#### Your assignment
An exact copy is all that is wanted: the lines from the one with "1. Главный экран" through the end of the listing below, both included, minus any pictures.

#### Data
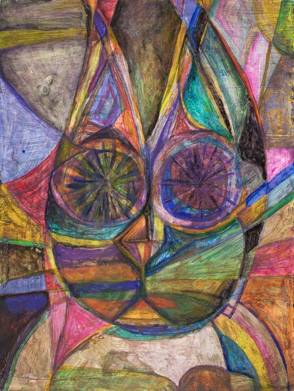 The paintings are fantastic and fanciful, but it’s the eyes that fascinate me. They are skillfully rendered, effectively embodying the sentiment that "the eyes are the window to the soul," a phrase often attributed to William Shakespeare. Some eyes are abstract, multicolored, or tie-dye-like patterns, while others are monochromatic. These portraits require close observation to appreciate their curious details. For example, “Lindner,” features pinwheel-patterned eyes: one contains two tiny tent-like pentagons at its center, the other a small gem-like hexagon.
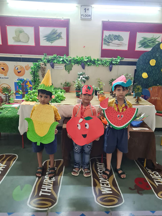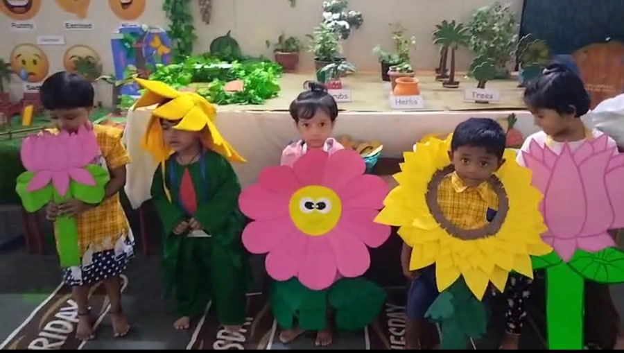 Talent search fancy dress was conducted for Mini, Jr. & Sr. KG children. Topics were flowers, vegetables, any bird and sweets.
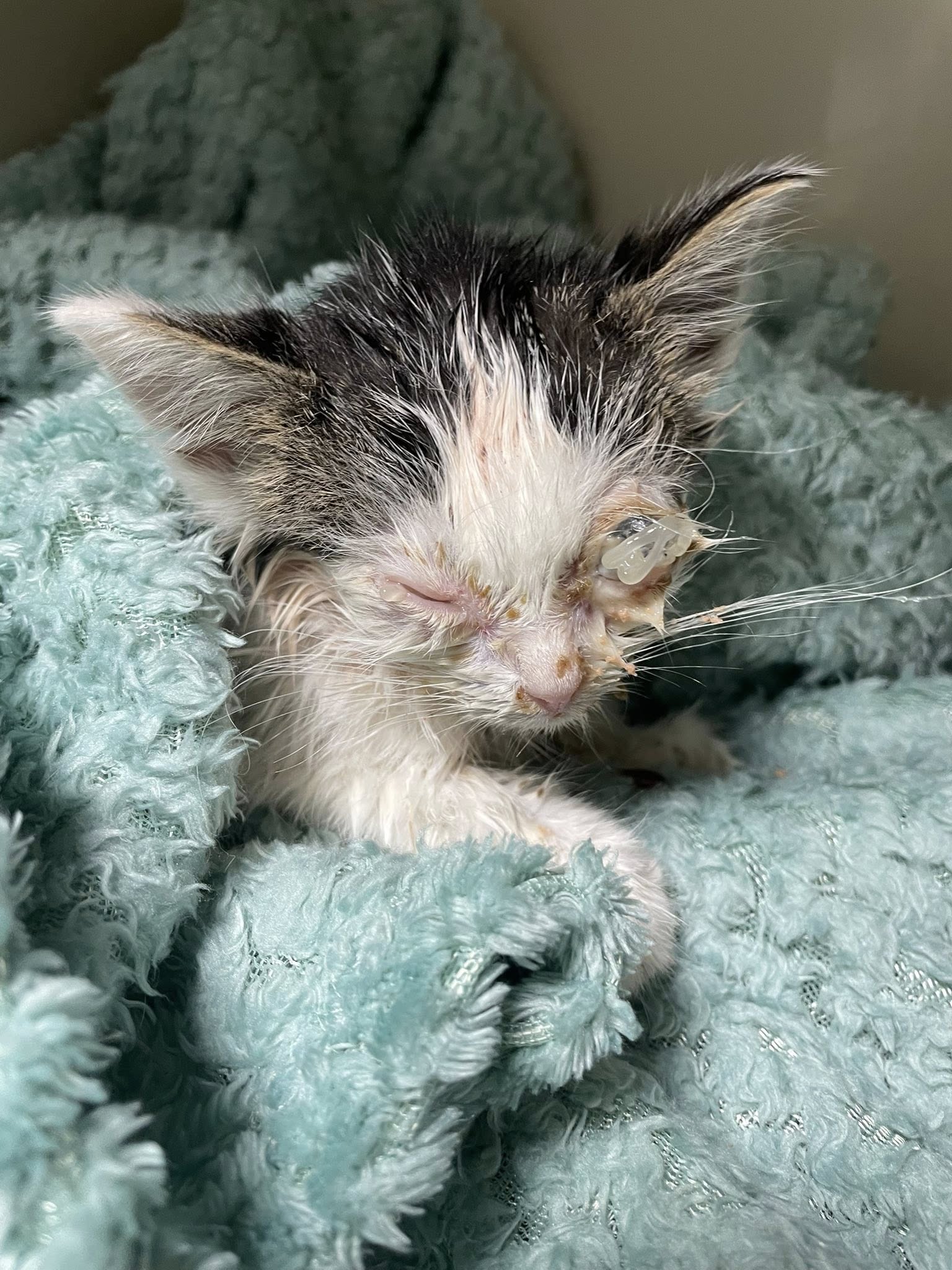 Toto koťátko bylo nalezeno v zoufalém zdravotním stavu. Je podvyživené, bolavé a má doslova a do písmene shnilá očička plná hnisu. Váží bohužel jen 400 g, takže v současné době není možné mu v narkóze nechat odstranit zbytky oček. Nezbývá, než léčit a snažit se, aby infekce nezasáhla do dalších oblastí jeho zbědovaného tělíčka. Takže krmíme, opečováváme, mazlíme a děláme vše proto, aby co nejdříve dosáhl doporučené váhy 1,5 kg a mohl podstoupit operaci. Držte maličkému drobečkovi palce, ať vše zvládne na jedničku
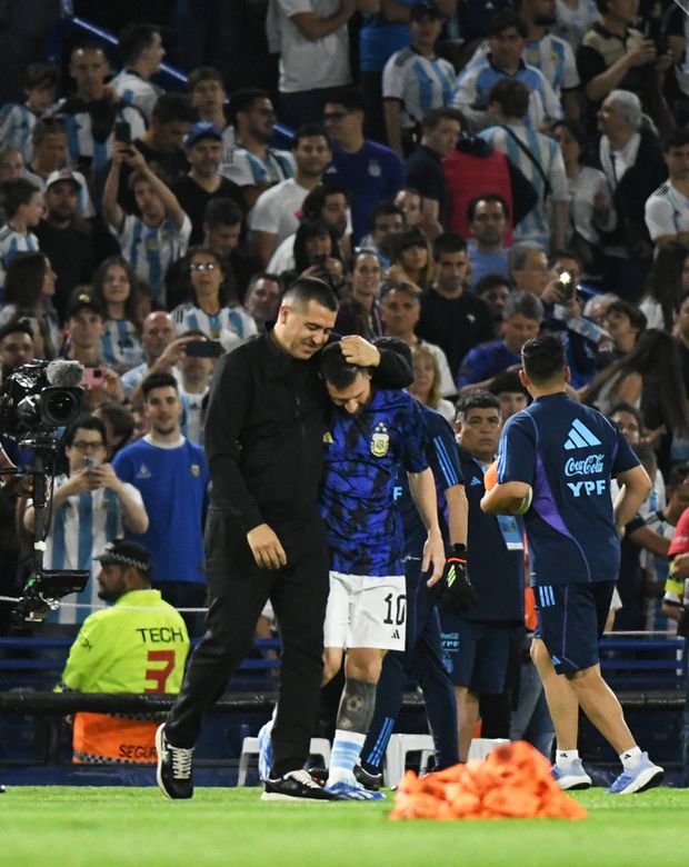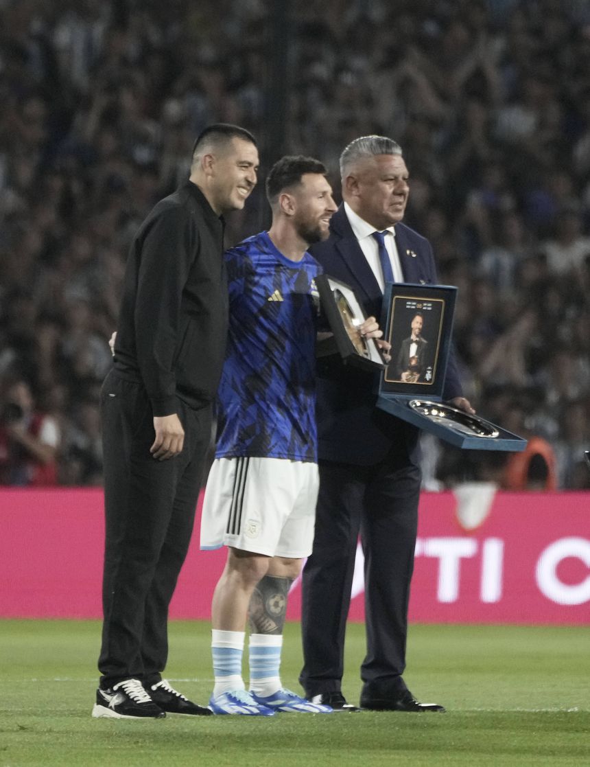 No relvado, o astro argentino recebeu uma medalha de coroação das mãos de Claudio Tapia, presidente da Federação Argentina de Futebol, acompanhado por Juan Román Riquelme, antigo futebolista e atual vice-presidente do Boca Juniors.
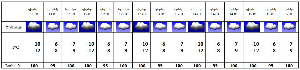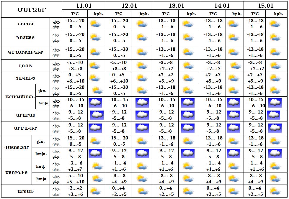 Հանրապետության տարածքում հունվարի 11-15-ին սպասվում է առանց տեղումների եղանակ, Արարատյան դաշտում և նրա նախալեռներում սպասվում է մառախուղ,
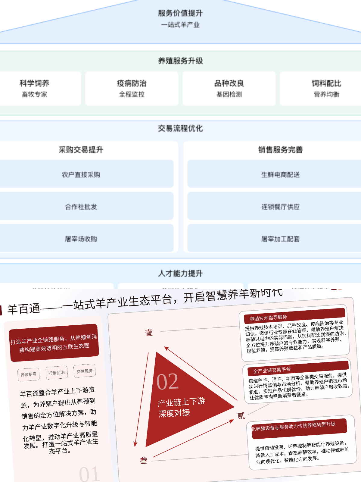 公司核心运营的“羊百通”平台涵盖五大核心服务板块,形成羊产业全生态服务矩阵:
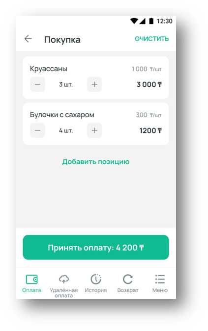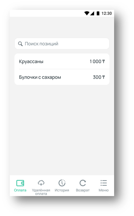 1. Главный экран POS терминала, после перехода в кассовый режим
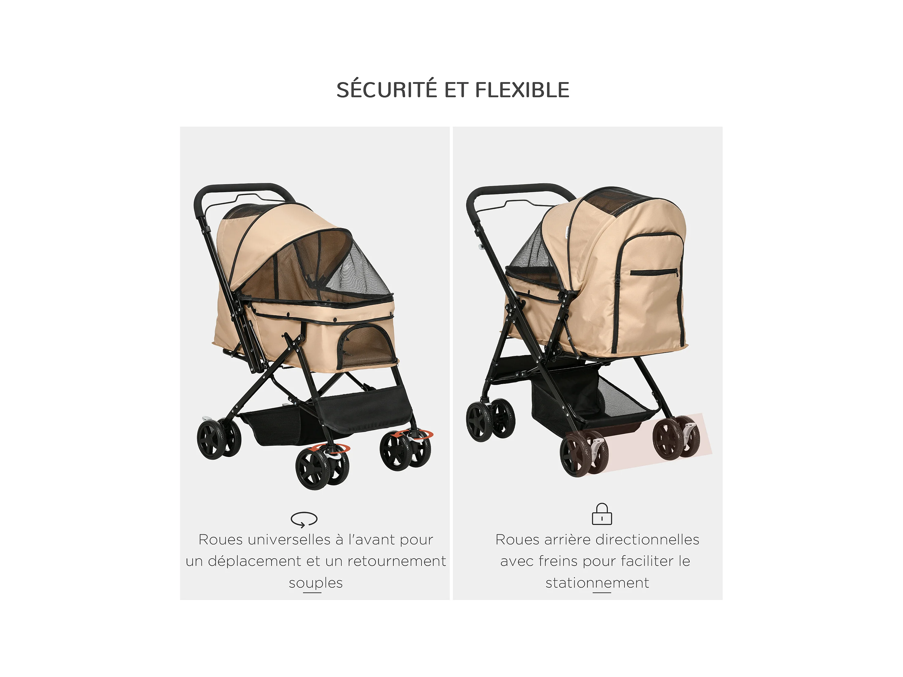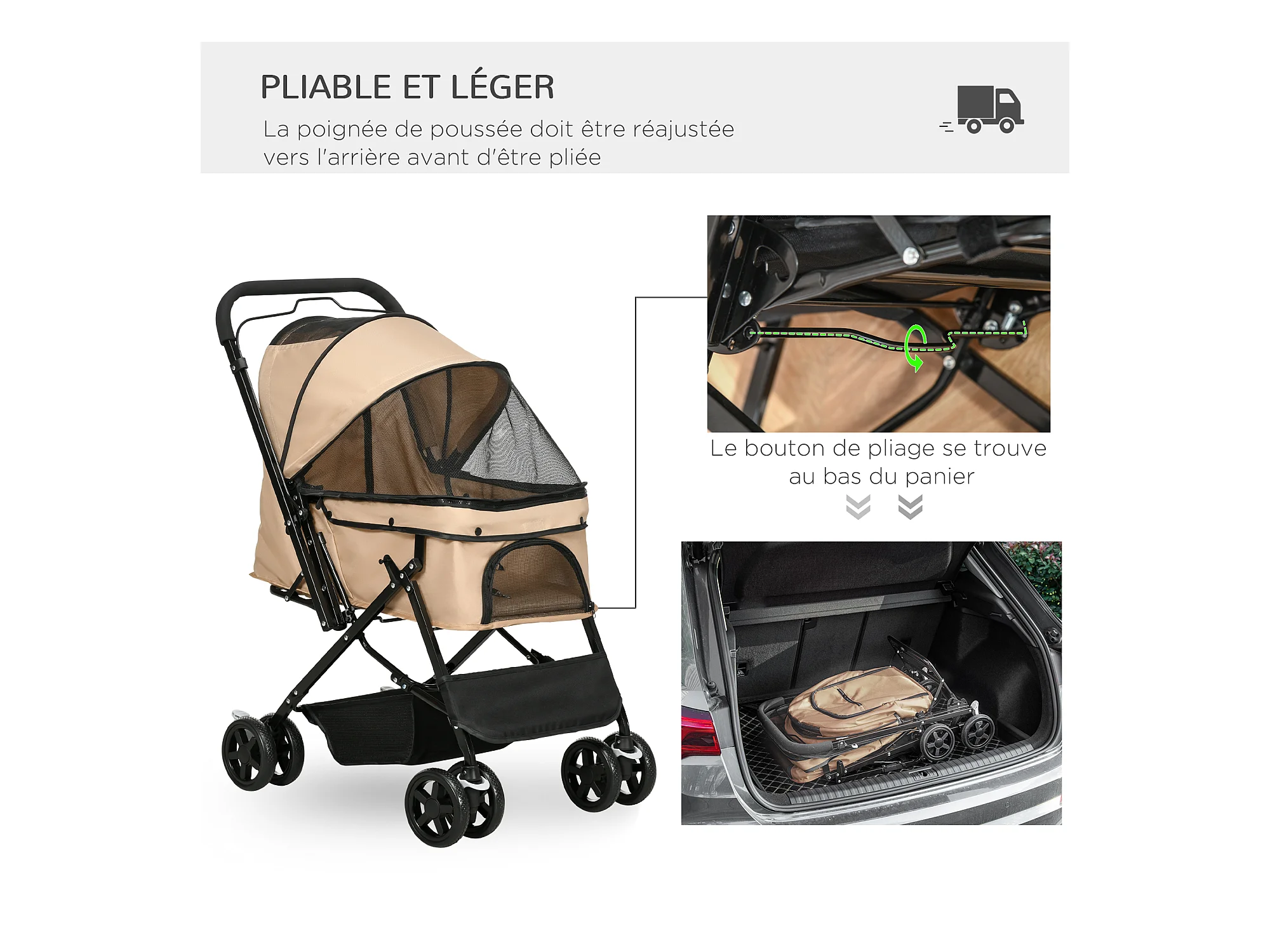 Poussette buggy pliable chien chat panier et sac de rangement attaches sécurité housse réglable poignée réglable acier Oxford beige

#### Solution
 1. Главный экран POS терминала, после перехода в кассовый режим
 Poussette buggy pliable chien chat panier et sac de rangement attaches sécurité housse réglable poignée réglable acier Oxford beige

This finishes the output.